The Sentry, um projecto do actor George Clooney e do activista John Prendergast para desmontar o sistema de financiamento dos conflitos africanos mais letais, publicou em Setembro um relatório-investigação sobre a guerra civil que destrói o país mais jovem do continente intitulado «Crimes de guerra não deviam compensar – para parar o saque e a destruição no Sudão do Sul».
O documento usa umas 30 vezes as palavras «cleptocrata» e «cleptocracia» para descrever as elites sul-sudanesas de ambos os lados da trincheira. O termo vem de «cleptos», vocábulo grego para roubo/roubar. Cleptocrata é um governante ladrão e cleptocracia um governo de ladrões.
Os investigadores estudaram as contas e os bens patrimoniais dos líderes político-militares mais influentes, incluindo o presidente Salva Kiir, o seu opositor Riek Machar (ambos na foto), o chefe do Estado-Maior-General Paul Malong e o seu adjunto para a logística, general Malek Reuben. A conclusão? Todos os actores e familiares directos enriqueceram e muito com a guerra civil por meio de negócios obscuros em violação da lei.

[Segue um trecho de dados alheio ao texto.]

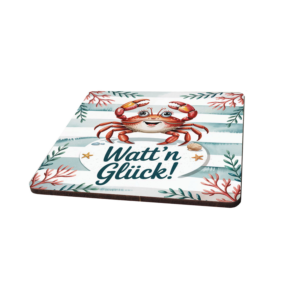 Dieses 6er Set Untersetzer bringt die Küste direkt zu Ihnen nach Hause! Jede Unterlage zeigt eine fröhliche rote Krabbe mit Partyhut, alles kunstvoll in Aquarell gestaltet. Der Hintergrund ist sanft blau-weiß gestreift, gesäumt von zarten Korallen und Alg Hinweise: Material: Holz / quadratisch / ca. 9,5 x 9,5 cm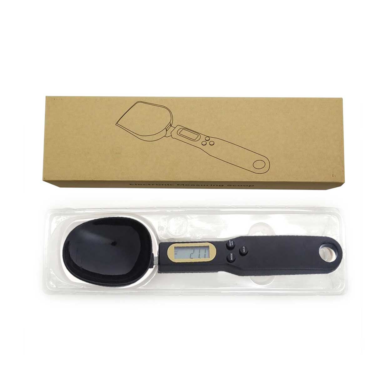 Digital skedvåg som gör det enkelt att väga små mängder ingredienser direkt i skeden. Passar för matlagning och bakning när du vill mäta upp kryddor, kaffe, te eller andra råvaror utan att ta fram en stor köksvåg. Vågen väger upp till 300 g och har 0,1 g upplösning för noggranna resultat. Den digitala displayen ger snabb och tydlig avläsning. Drivs av 2 AA-batterier, vilket gör den smidig att använda där det passar i köket.

As 66 páginas do relatório indispuseram-me muito. Cobri eventos de alguns dos investigados. Nós, missionários e missionárias da Casa Comboni, jantámos duas vezes com Kiir, nosso vizinho. Presidi a algumas missas na Catedral de Juba com o presidente sentado num sofá da frente e trocámos algumas palavras. Inclusive, no fim de uma conferência de imprensa, dirigiu-se para me saudar, para espanto dos camaradas da informação.
Tinha Kiir por pessoa de bem. Admirei o modo como guiou o Sul até ao referendo de autodeterminação de 2011 apesar das muitas armadilhas montadas pelo Governo de Cartum para descarrilar o processo. Surpreendeu-me a crise política que gerou no início de 2013 numa luta intestina para controlar o poder através da manipulação do partido, ele que dera sinais de não querer concorrer às eleições de 2015. Nunca me ocorreu nas análises mais sombrias que usasse a guerra para consolidar o domínio sobre os vastos recursos e negócios do país.

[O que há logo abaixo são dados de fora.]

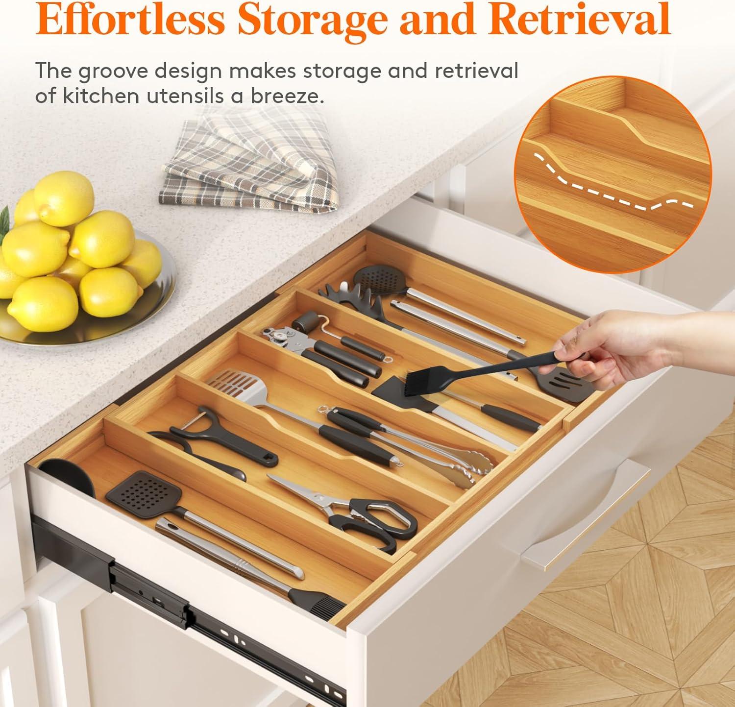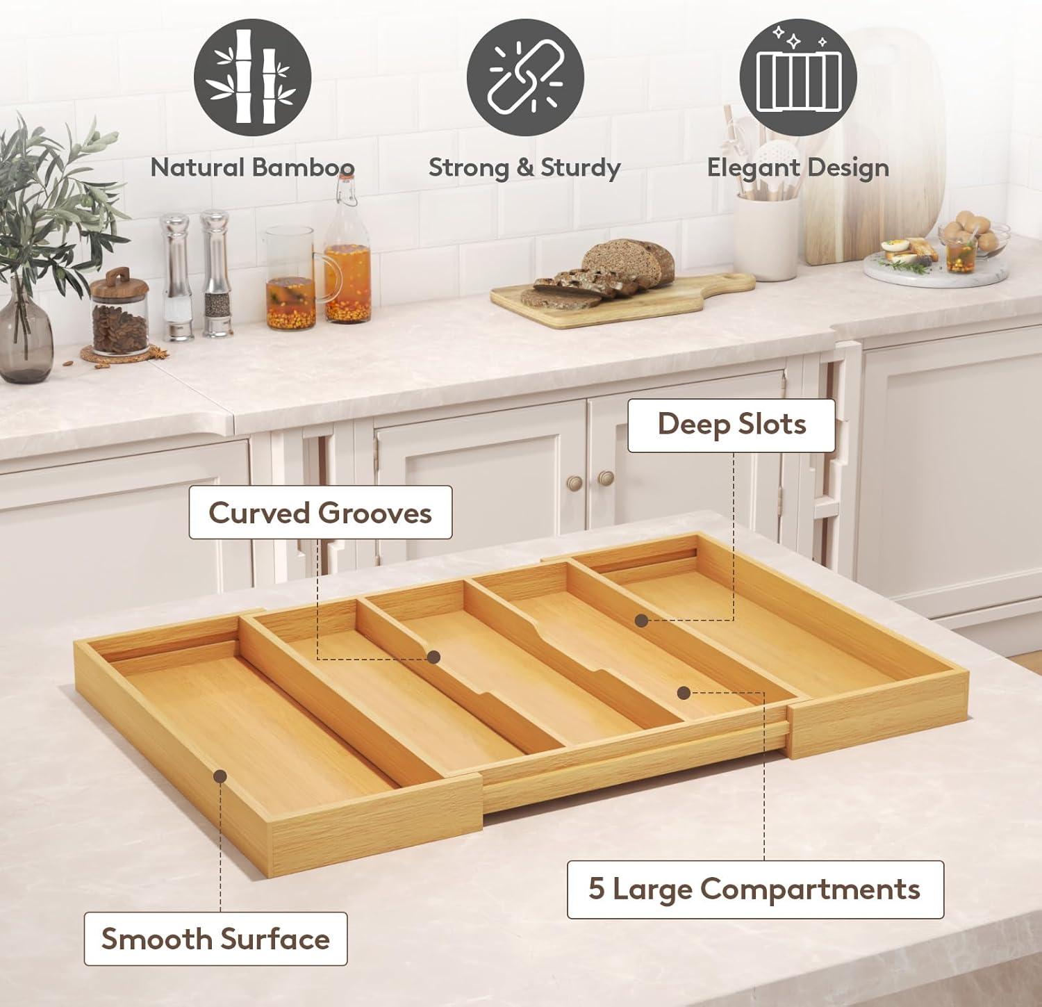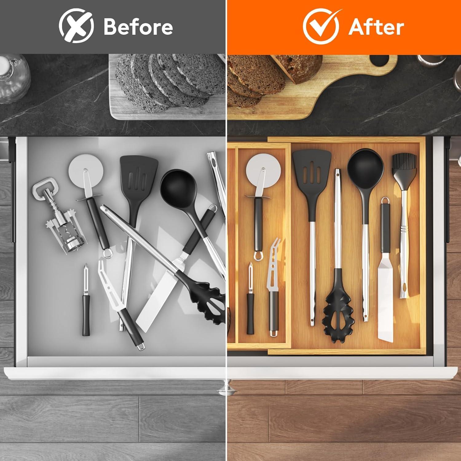 Lifewit Utensil Organizer for Kitchen Drawer, Bamboo Cooking Utensil Tray, Expandable Cutlery Silverware Flatware Holder, Adjustable Spatula Tools Gadgets Storage Divider, Large, Natural and Black(Natural & Black)

Kiir durante a guerra construiu um grande rancho em Luri, a 16 quilómetros de Juba, e tem uma mansão de luxo num bairro chique de Nairobi. O relatório diz que ele e membros da família detêm participações em duas dúzias de empresas ligadas ao petróleo, mineração, construção civil, apostas, operações cambiais, telecomunicações, aviação... Um filho de 12 anos é dono de 25 por cento do capital de uma sociedade financeira!

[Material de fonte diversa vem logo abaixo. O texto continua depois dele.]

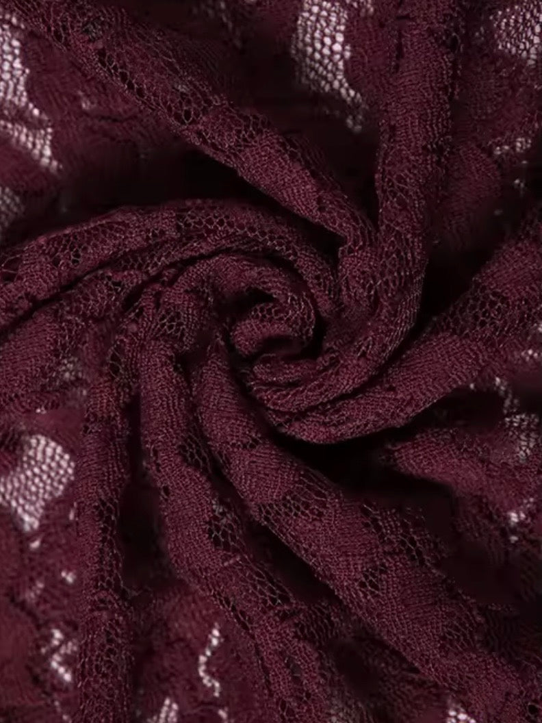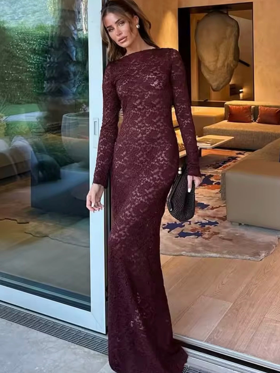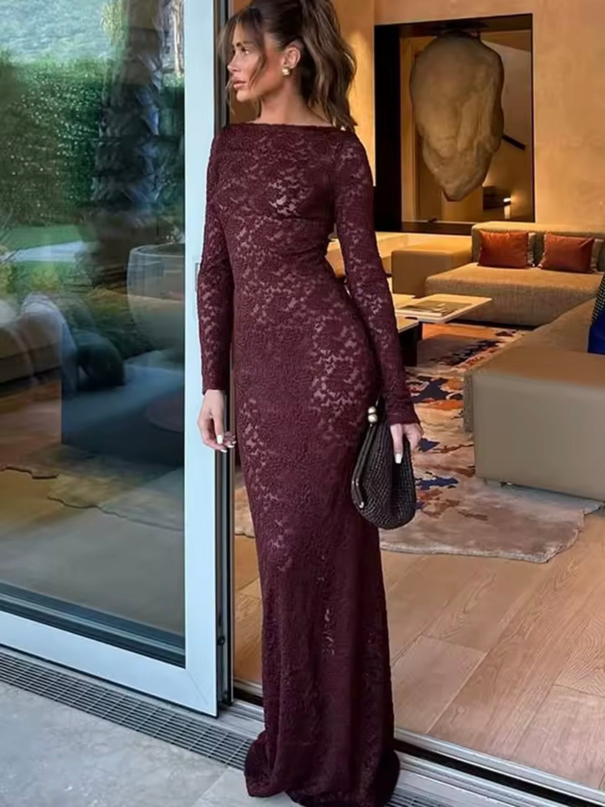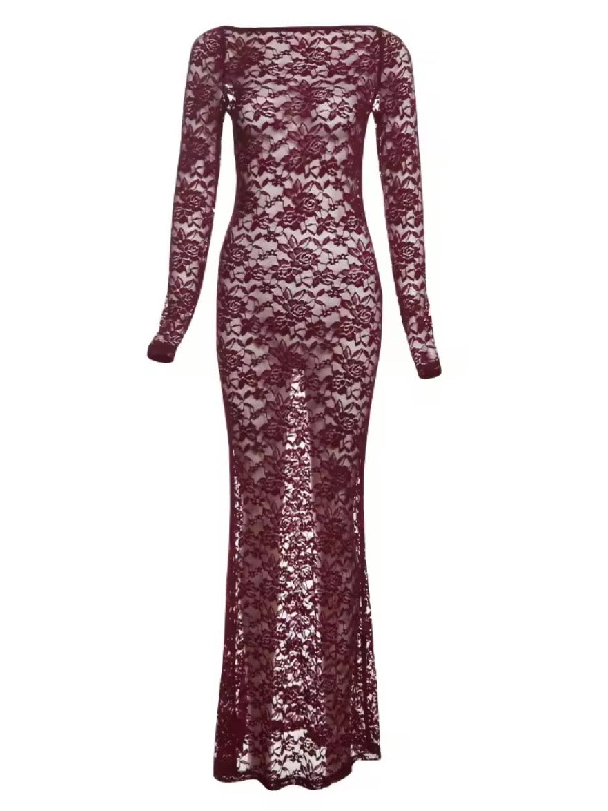 Maxi dress bordeaux in pizzo, maniche lunghe in tessuto mesh.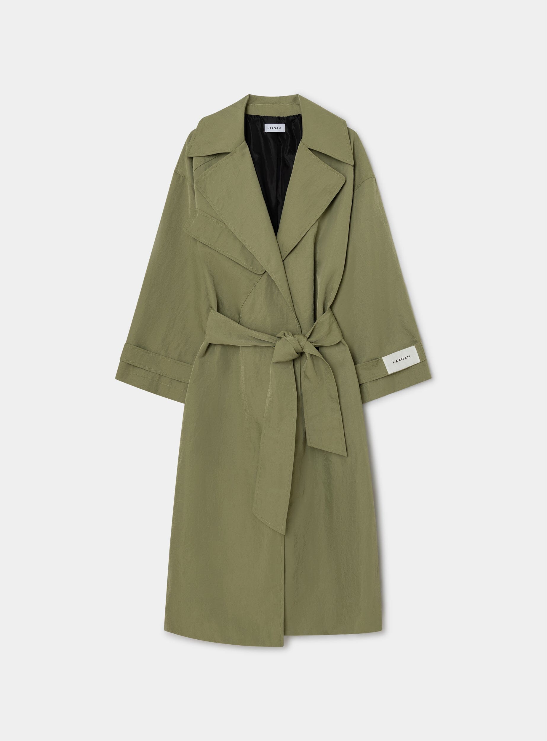 Oversize trench coat with lapel collar and long sleeves. Two invisible side pockets. Adjustable self-belt in the same material. Vent at back hem. Black lining.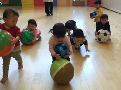 先生と一緒に走ったり、ハイハイ競争もしていました。でもお気に入りのボールは手放したくないし…忙しい子どもたち。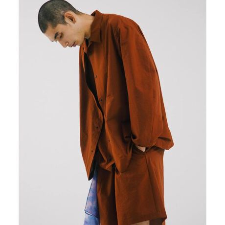 同素材で展開しているジャケットをベースに衿を排したノーカラーデザイン。ミニマルで軽やかな印象に仕上げています。

Outros figurões do regime e da oposição também têm grandes propriedades no Quénia, Uganda e Austrália, participações em múltiplas empresas, parentes chegados a viverem em grande luxo fora do país como mostram nas páginas nas redes sociais. O KCB (o Banco Comercial do Quénia) é a instituição de referência para transferências nebulosas.
Entretanto, o cidadão comum sofre violência, fome e morte com casas, gado e cultivos destruídos e mulheres e meninas violadas pelas forças de ambas as partes numa orgia de crueldade. A guerra já matou 300 mil pessoas, deslocou 2,7 milhões e tem 4,8 milhões sob ameaça da fome desde 15 de Dezembro de 2013.
Ban Ki-moon, o secretário-geral da ONU, foi contundente na última assembleia geral, em finais de Setembro: «No Sudão do Sul, os líderes traíram o seu povo.» Traíram, sim, pela ganância e corrupção. Infelizmente o Sudão do Sul não é a única cleptocracia africana.